L’altra linea di intervento è la B.4, anche questa molto rilevante, che prevede 1.573.000 euro per l’abbattimento e l’eliminazione delle barriere architettoniche. Non riguarda i nuovi fabbricati, ma tutti i fabbricati esistenti e con questa cifra i servizi dicono che sarà possibile dare una risposta a tutti quei fabbricati che all’interno hanno persone con difficoltà motorie. Mi sembra che questa sia una cosa che dobbiamo valorizzare molto perché saremo in grado di far superare le barriere architettoniche a tutte le persone con problemi motori che lo richiederanno.
L’altra linea di intervento è la D legata alle sperimentazioni di nuove soluzioni, anche qui abbiamo messo 300.000 euro ed è la stima necessaria per interventi, ad esempio, di autocostruzione per terminare gli interventi in corso.

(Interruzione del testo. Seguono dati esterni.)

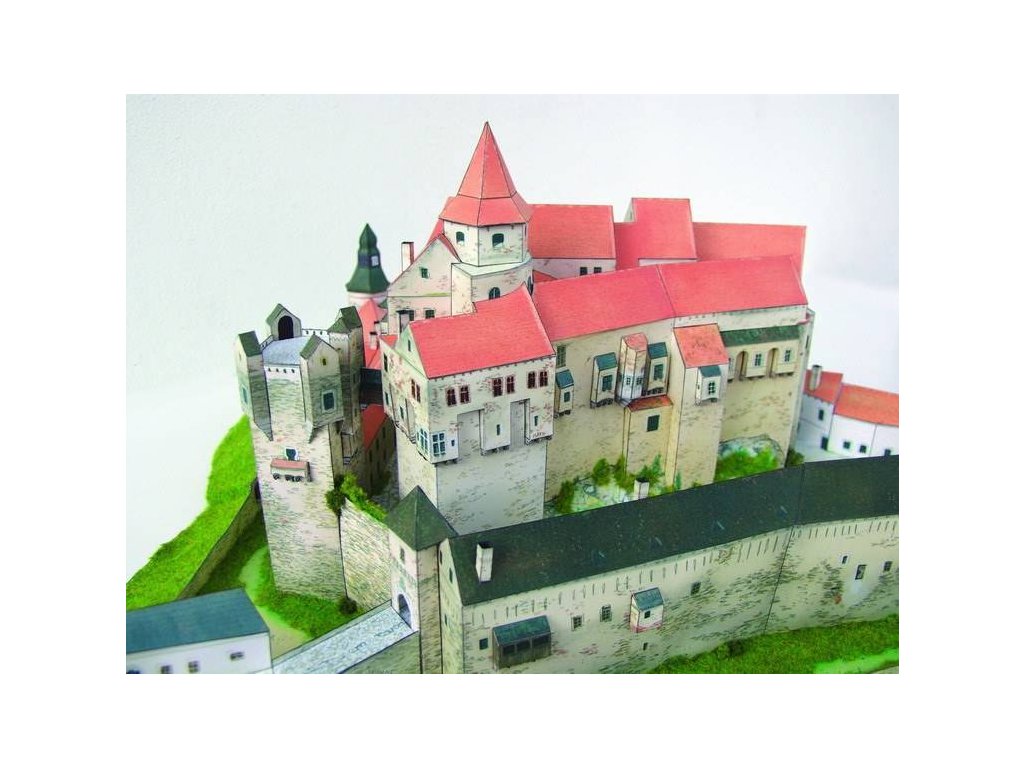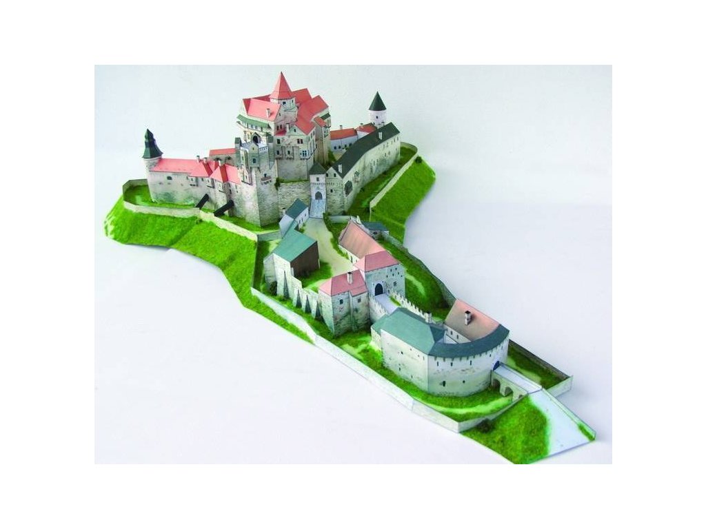 Na jednom ze skalnatých ostrohů Českomoravské vysočiny, nad řekou Svratkou a jejími přítoky, stojí nad městečkem Nedvědicí jeden z našich nejzachovalejších a nejkrásnějších hradů - Pernštejn. Tneto vám nyní přinášíme v podobě vystřihovánky.Hrad se zachoval dodnes ve své neporušené goticko-renesanční podobě tak, jak jej dostavěli v 1. polovině 16. stol. Pernštejnové, tehdy nejbohatší a nejmocnější panský rod Českého království. Počátky hradu lze datovat do 13. století (patrně mezi léty 1270-85). Stavitele hradu neznáme.Na zařazení mezi papírové modely jsme tento hrad nezvolili náhodně. Protože je to jeden z nejznámějších a také nejhezčích hradů na Moravě, bylo celkem logické, že dříve nebo později dojde i na vydání modelu tohoto hradu v podobě vystřihovánky.Jelikož se nám tentokrát díky spolupráci s Památkovým ústavem v Brně a kastelánem Pernštejna podařilo sehnat dokonalou dokumentaci a množství fotografií, je výsledek vystřihovánky velice věrný, jak po stránce konstrukční, tak po stránce malby.Publikace obsahuje: základový plán s vytištěnými plochami pro nalepení jednotlivých dílů budovy, podrobný psaný návod včetně několika návodových obrázků, popis historie (česky, německy, anglicky) a fotografie sestaveného modelu na zadní straně vystřihovánky.Návod na sestavení je u vystřihovánky v češtině, němčině a angličtině.
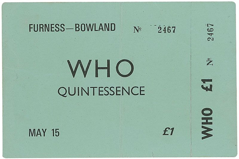 Original complete unused large format ticket, 6 x 4, for a Who concert at Furness, Bowland, Lancaster, England on May 15, 1970. The ticket has been folded vertically in the centre and laid flat. Some of the perforated edge is detached. In very good condition, with a central vertical fold, a few creases and spots of soiling, and a partial separation along perforation. Accompanied by a certificate of authenticity from Tracks.

Abbiamo accettato un altro emendamento che è pervenuto dal Servizio con il quale viene modificata la linea C.6, viene tolto il limite massimo previsto di 130.000 euro per l’acquisto degli alloggi. Abbiamo visto ad esempio che ci sono alloggi per le famiglie numerose che possono avere una superficie importante, oltre i 110 metri, e rimanere all’interno della cifra di 130.000 euro è impossibile. Ci dà anche la possibilità di dare una risposta alle famiglie numerose.
Un piano importante, un investimento di oltre 12 milioni di euro. Ribadisco il fatto che ci sarà la possibilità di intervenire sulle barriere architettoniche. In totale, ho fatto un calcolo, potremmo mettere a disposizione in tempi brevi circa 160-170 alloggi a livello regionale, tra quelli acquistati con i buoni casa e quelli dell’acquisto dell’invenduto. Ho fatto un calcolo: intorno ai 90-100 mila euro, dividendo gli importi che abbiamo messo si parla di oltre 160-170 immobili.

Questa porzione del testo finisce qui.